— Był pan moim pierwszym klientem i jestem za to wdzięczny — rzekł Dibbler. — Wszystko już miałam przygotowane, gongi Dibblera, lusterka Dibblera, forsa tylko czekała… To znaczy, wszystko było już ułożone dla osiągnięcia maksymalnej harmonii, ale wtedy… bęc! Zła karma znów na mnie spadła.

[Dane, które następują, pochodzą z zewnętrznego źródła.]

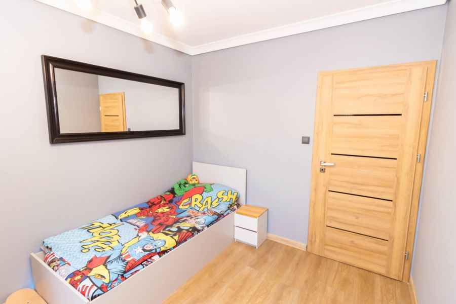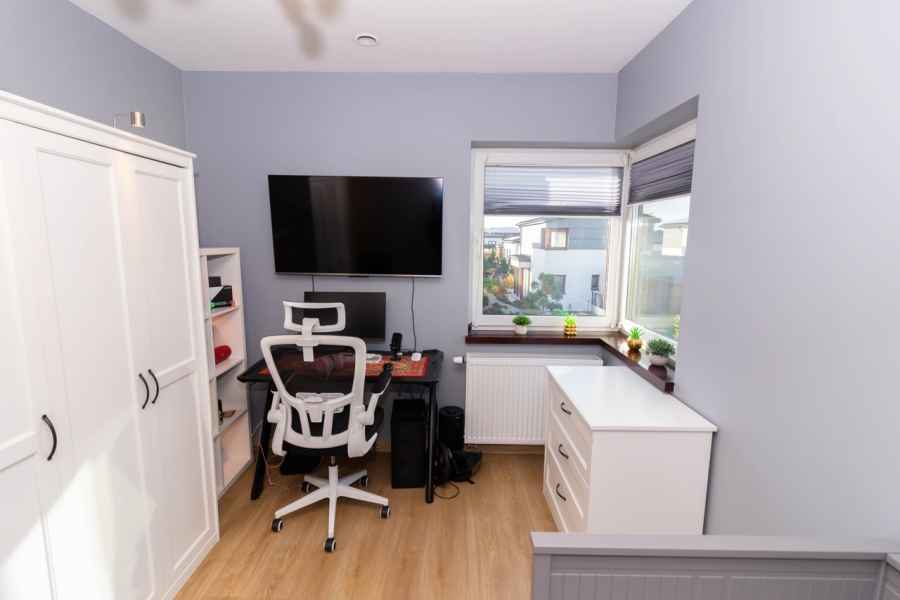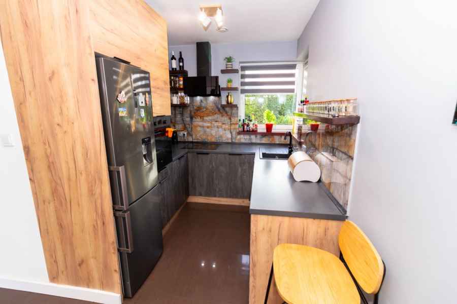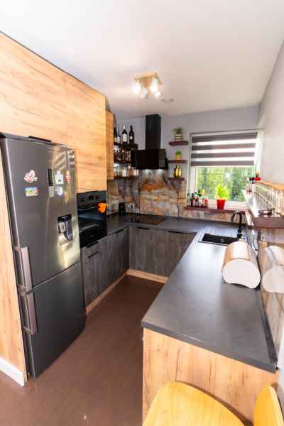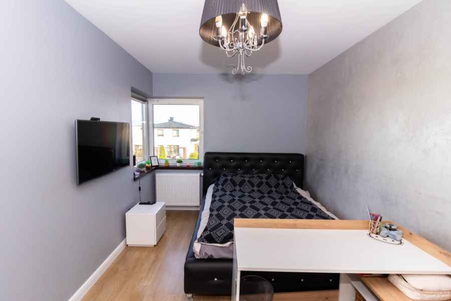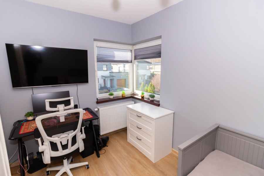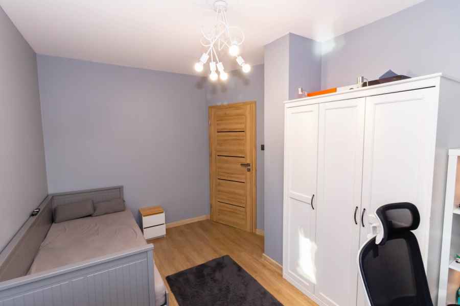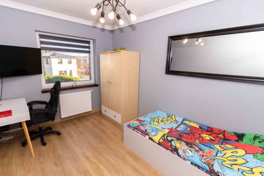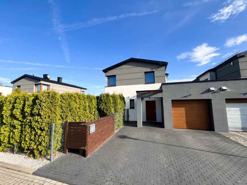Dom w zabudowie bliźniaczej (połączony garażem), wybudowany w 2014r., o powierzchni użytkowej 103,5m2 usytuowany na ogrodzonej działce 563m2. Posesja umiejscowiona na Osiedlu Sielanka, które jest bardzo pożądane przez Klientów poszukujących swojego nowego lokum. Na parterze znajduje się przestronny, dobrze doświetlony przez liczne, wysokie okna salon połączony z jadalnią i kuchnią, toaleta, spiżarnia oraz korytarz, w którym znajduje się pojemna szafa. Salon to 35m2 powierzchni z bezpośrednim wyjściem na taras i część ogrodową. Kuchnia jest widna, z oknem wychodzącym na frontową cześć działki, wyposażona w meble w zabudowie oraz sprzęt AGD: zmywarkę, płytę indukcyjną i piekarnik. W części parterowej znajduje się bezpośrednie wejście do garażu (brama garażowa sterowana zdalnie z aplikacji w telefonie, otwierana do góry). Na piętro prowadzą murowane schody obudowane drewnem i podświetlone. Piętro to prywatna strefa domowników, obejmująca łazienkę z wanną i kabiną prysznicową i 3 duże, widne sypialnie.

— No ale pan Passmore dopiero po tygodniu znowu mógł chodzić — przypomniał William.
Przypadek drugiego klienta Dibblera okazał się bardzo użyteczny dla jego listu z wieściami, co poniekąd wyrównało stratę tych dwóch dolarów.

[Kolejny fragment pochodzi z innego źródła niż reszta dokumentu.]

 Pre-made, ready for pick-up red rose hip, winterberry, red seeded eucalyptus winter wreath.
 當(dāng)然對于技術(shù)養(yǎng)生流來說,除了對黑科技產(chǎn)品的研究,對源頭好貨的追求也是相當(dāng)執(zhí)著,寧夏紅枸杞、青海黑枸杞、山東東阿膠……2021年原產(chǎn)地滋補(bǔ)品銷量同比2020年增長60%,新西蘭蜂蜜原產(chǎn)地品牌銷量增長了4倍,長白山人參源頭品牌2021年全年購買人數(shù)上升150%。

— Skąd mogłem wiedzieć, że Smok Nieszczęśliwości naprawdę istnieje? — poskarżył się Dibbler.
— Bo chyba go nie było, dopóki pan go nie przekonał, że jest. Dibbler poweselał trochę.

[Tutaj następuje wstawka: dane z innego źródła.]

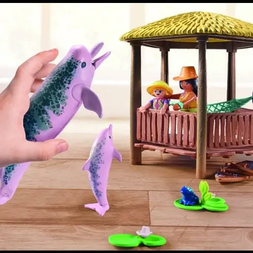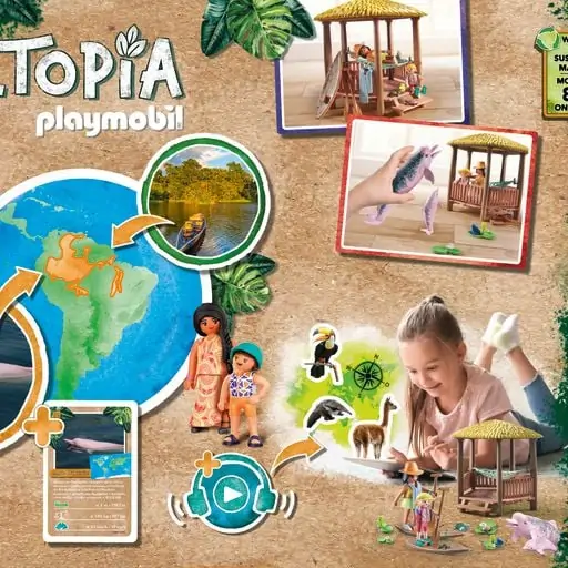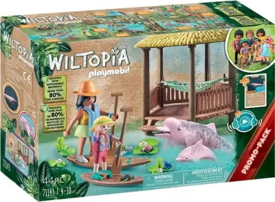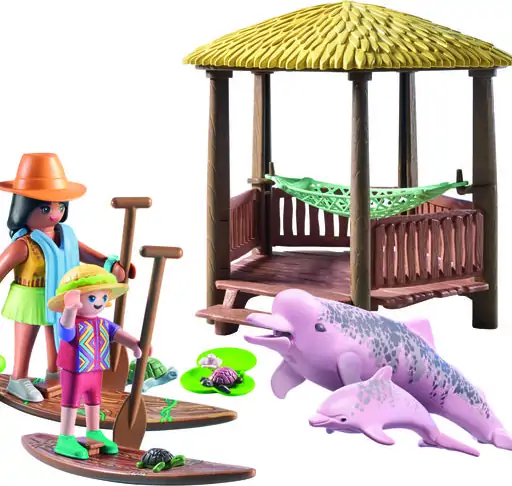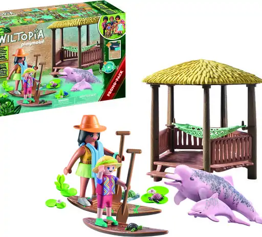 Oplev WILTOPIA, den første miljøvenlige produktline fra PLAYMOBIL fremstillet af gennemsnitligt mere end 80 % bæredygtigt materiale. Stand-Up-Paddling giver god mulighed for at se på de sjældne floddelfiner. Inkl. to SUP-boards og hytte til at hvile ud i. Begge delfiner kan svømme. Med masser af tilbehør og videnskort om floddelfinen med spændende audio-indhold.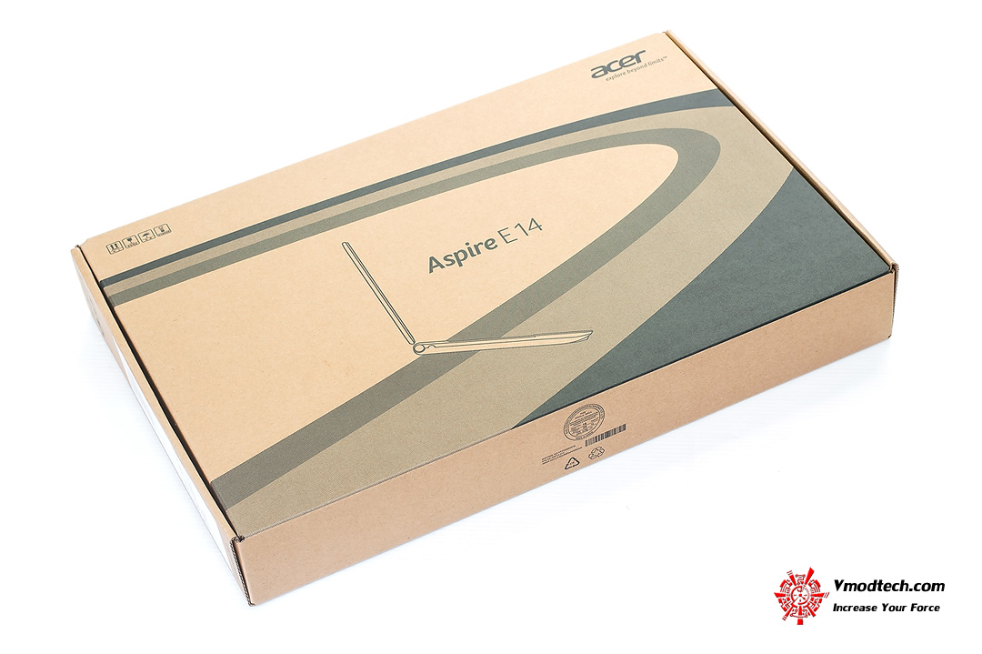 ACER Aspire E14 บรรจุอยู่ในกล่องลูกฟูกสีน้ำตาลครับ

— Co tam. Można mówić, co się chce, ale zawsze dobrze mi szła sprzedaż idei. Czy zdołam pana przekonać do idei, że kiełbaska w bułce jest właśnie tym, czego obecnie pan pragnie?
— Właściwie muszę zanieść to do… — zaczął William i wytężył słuch. — Zdaje się, że ktoś krzyczał…
— Mam gdzieś tutaj zimne paszteciki z mięsem. — Dibbler pogrzebał na tacy. — Mogę zaproponować przekonująco okazyjną cenę na…
— Na pewno coś słyszałem — przerwał mu William. Dibbler nastawił ucha.
— Coś jakby turkotanie?
— Tak.
Wpatrywali się w skłębione opary przesłaniające Broad-Way. Które to opary całkiem nagle stały się wielkim wozem przykrytym brezentem, sunącym niepowstrzymanie i bardzo szybko…
— Zatrzymać prasę!
Ten okrzyk William jeszcze usłyszał, zanim coś wyskoczyło z ciemności i trafiło go między oczy.
Plotka, piórem Williama przypięta do papieru niczym motyl do kawałka korka, nie dotarła do uszu pewnych osób, ponieważ zajęte były innymi, bardziej mrocznymi sprawami.
Łódź sunęła po syczących wodach rzeki Ankh, które zamykały się za nią bardzo powoli.
Dwaj ludzie pochylali się nad wiosłami. Trzeci siedział na spiczastym końcu. Od czasu do czasu się odzywał, jak na przykład:
— Nos mnie swędzi.
— Musisz zaczekać, aż dopłyniemy na miejsce — odparł jeden z wiosłujących.
— Moglibyście znów mnie wypuścić. Okropnie swędzi.
— Wypuściliśmy cię, kiedy się zatrzymaliśmy na kolację.
— Ale wtedy nie swędział. Odezwał się drugi z wiosłujących.
— Czy mam mu znowu przyłożyć …onym wiosłem w ten jego …ony łeb, panie Szpilo?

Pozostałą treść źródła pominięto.